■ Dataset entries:
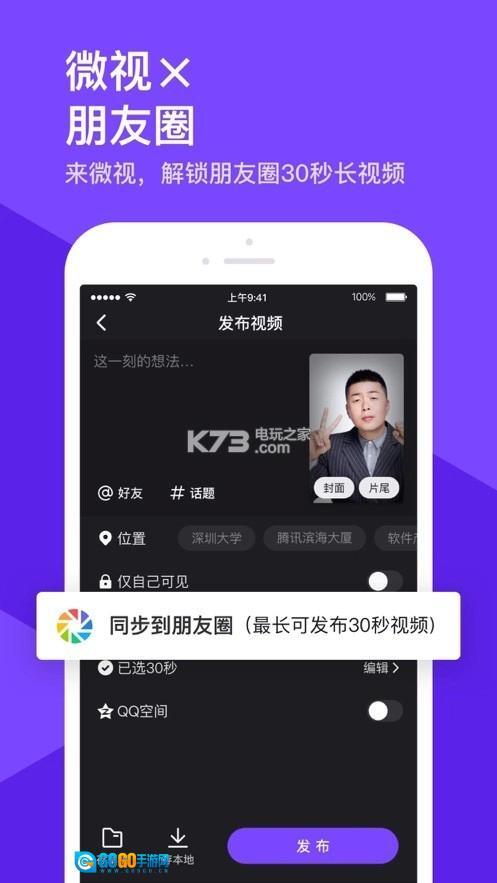-「朋友圈30S」功能:通过微视发布视频到朋友圈,最长可以发布30秒的视频,微信的这项特权现在可以抢先体验。微视简介
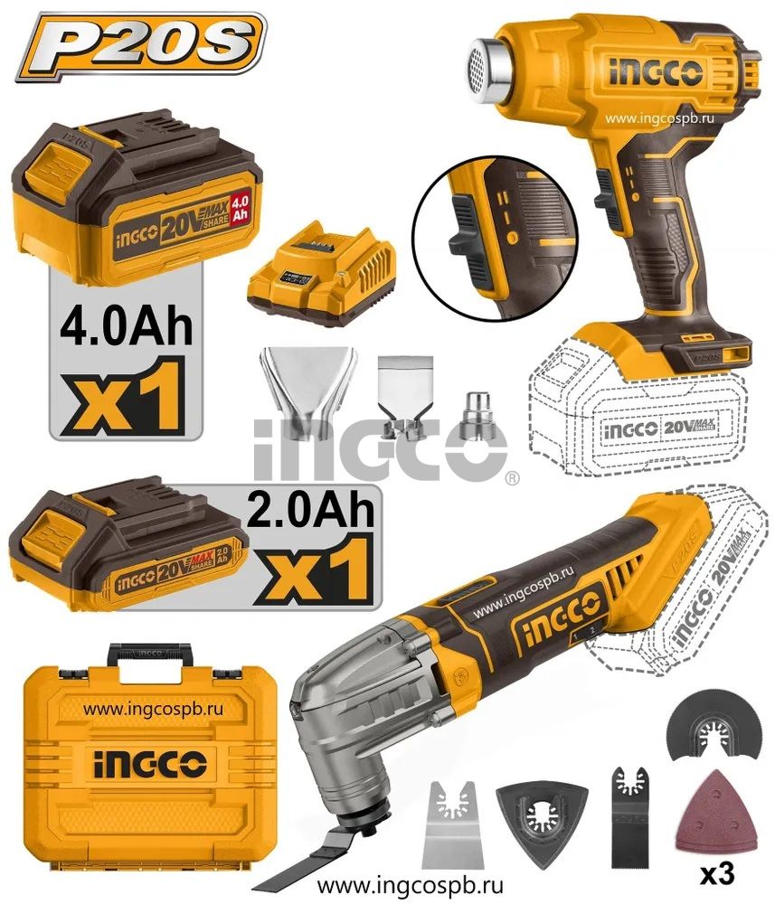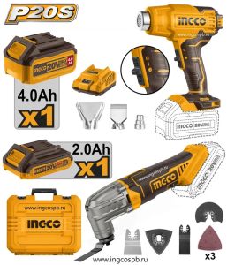 INGCO Набор аккумуляторных инструментов 20W Li-ion (фен и реноватор)
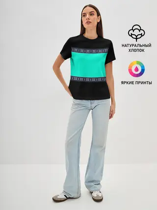 Женская футболка оверсайз / Черно-бирюзовый узор
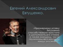Евгений Александрович Евтушенко Чрезмерному успеху Евтушенко способствовала простота
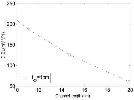It is noteworthy that the minimum value of surface potential and its location are dependent on the drain voltage which is a sign of DIBL. The variation of DIBL as a function of channel length is illustrated in Figure 9. It can be seen that the profile of DIBL decreases as channel length increases. It can be also observed that by shrinking the channel length below 20 nm, the DIBL effect becomes more severe. To define the physical phenomena related to the result shown in Figure 9, note that as channel length becomes shorter the depletion region increases which produces a big surface potential that decreases the barrier height and the DIBL effect becomes more severe.
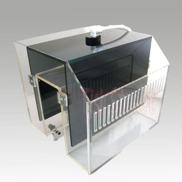 This aquarium overflow box works fine in my 225 liters tank. However, every 10 days it generates a little air bag that I must to remove using the suction tubing for remove the air. But it works silently and I've never had any problem with it since 5 months ago.

■ Assigned task:
Both boundary lines included, write out word for word only the lines above from the one containing "INGCO Набор аккумуляторных" to the one containing "It is noteworthy", leaving out any pictures.

■ Output of the exercise:
 INGCO Набор аккумуляторных инструментов 20W Li-ion (фен и реноватор)
 Женская футболка оверсайз / Черно-бирюзовый узор
Евгений Александрович Евтушенко Чрезмерному успеху Евтушенко способствовала простота
It is noteworthy that the minimum value of surface potential and its location are dependent on the drain voltage which is a sign of DIBL. The variation of DIBL as a function of channel length is illustrated in Figure 9. It can be seen that the profile of DIBL decreases as channel length increases. It can be also observed that by shrinking the channel length below 20 nm, the DIBL effect becomes more severe. To define the physical phenomena related to the result shown in Figure 9, note that as channel length becomes shorter the depletion region increases which produces a big surface potential that decreases the barrier height and the DIBL effect becomes more severe.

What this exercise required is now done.